The Best AI Prompts for Linux System Administrators

The best AI prompts for Linux system administrators give the model an expert persona, your real specifics, and a verification command plus a back-out path.

  • #linux
  • #ai-prompts
  • #sysadmin
  • #devops
  • #automation

The best AI prompts for Linux system administrators do four things every time: they hand the model an expert persona (“you are a senior Linux SRE”), they feed it your real specifics through fill-in placeholders instead of vague hand-waving, they ask for safety and back-out steps, and they demand a verification command so you can prove the fix worked. A prompt like “fix my server” gets you a confident, generic, sometimes dangerous answer. A prompt that says “here is the exact journalctl output, here is the distro and kernel, propose the least-destructive fix, give me the command to verify it, and tell me how to undo it” gets you something you can actually run on a production box at 2am. That difference — specificity plus guardrails — is the entire game.

I have spent enough on-call shifts pasting half-formed questions into a chat window to know what separates a prompt that saves the night from one that wastes it. This post is the curated set of prompts I actually keep in a scratch file, grouped by the situations where I reach for them, plus the cheat sheet for writing your own.

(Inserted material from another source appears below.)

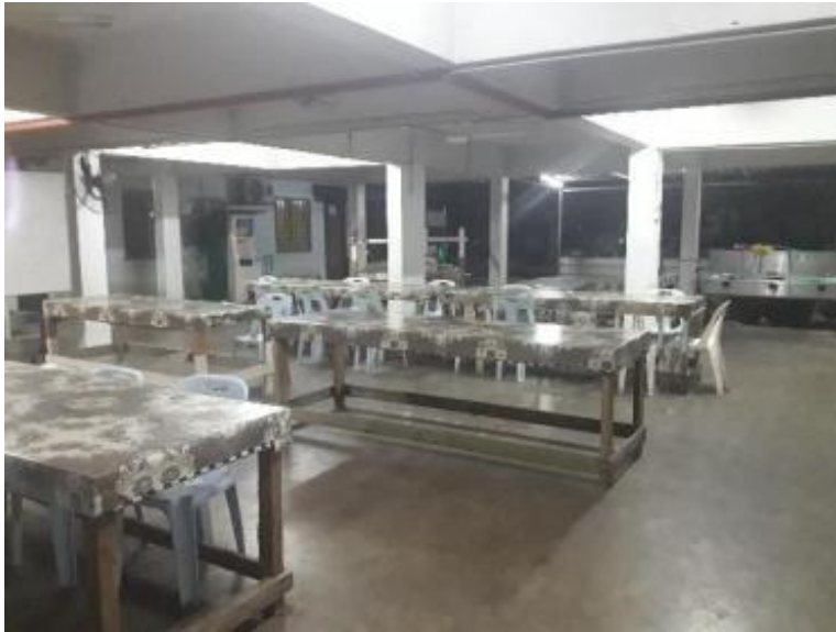
Gambarajah 12 Ruangan tempat duduk hadapan surau yang selalu digunakan oleh pelajar Politeknik Shah Alam yang menyewa di Pangsapuri Seri Melewar untuk belajar.

What makes a Linux admin prompt good (and what makes one dangerous)

Here is a weak prompt, the kind I used to type:

My server is slow, how do I fix it?

The model has nothing to work with. It will guess, and its guess will be a wall of generic advice — “check CPU, check memory, restart the service” — that you already know. Worse, if you ask it to “fix” something destructive without context, a less careful model may hand you a rm, a systemctl mask, or an iptables -F that locks you out of the box.

Now the strong rewrite:

You are a senior Linux SRE doing incident triage on a production
Ubuntu 22.04 host (kernel 5.15). Load average is 18 on an 8-core box
and climbing. Here is the top of `top` sorted by CPU:

[FILL IN: paste top output]

1. Tell me the single most likely cause given this data.
2. Give me read-only commands to confirm it before I change anything.
3. Only then propose the least-destructive fix.
4. Give me the exact command to verify the fix worked.
5. Tell me how to back out if it makes things worse.
Do not suggest a reboot unless you rule out everything else.

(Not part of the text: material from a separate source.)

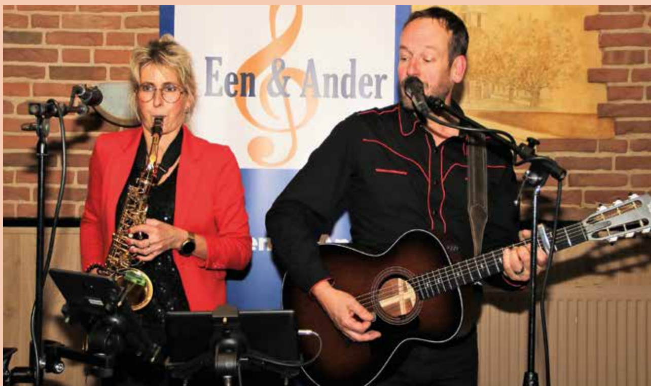
Duo "Een en Ander"

Same problem, completely different answer. The model now reasons from your data, leads with diagnosis instead of action, and — crucially — gives you a verification step and an escape hatch. Every prompt below follows that shape. Fill in the bracketed placeholders, paste your real output, and read the diagnosis before you run anything. The AI is a fast, knowledgeable colleague who has never seen your box; treat its output as a proposal, not a command to execute blindly.

For more on the tradeoffs between assistants for this kind of work, the comparison in ChatGPT vs Claude for infrastructure goes deeper than I will here.

Troubleshooting prompts

These are the ones I reach for when something is on fire and I need a second brain that does not panic.

Diagnose a high load average

When to use it: load is climbing, the box feels sluggish, and you need to know whether it is CPU, I/O wait, or runaway processes before you start killing things.

You are a senior Linux SRE. I have a high load average and need to
find the cause without making it worse.

Host: [FILL IN: distro + version, kernel, core count]
Symptom: load average is [FILL IN] on [FILL IN] cores.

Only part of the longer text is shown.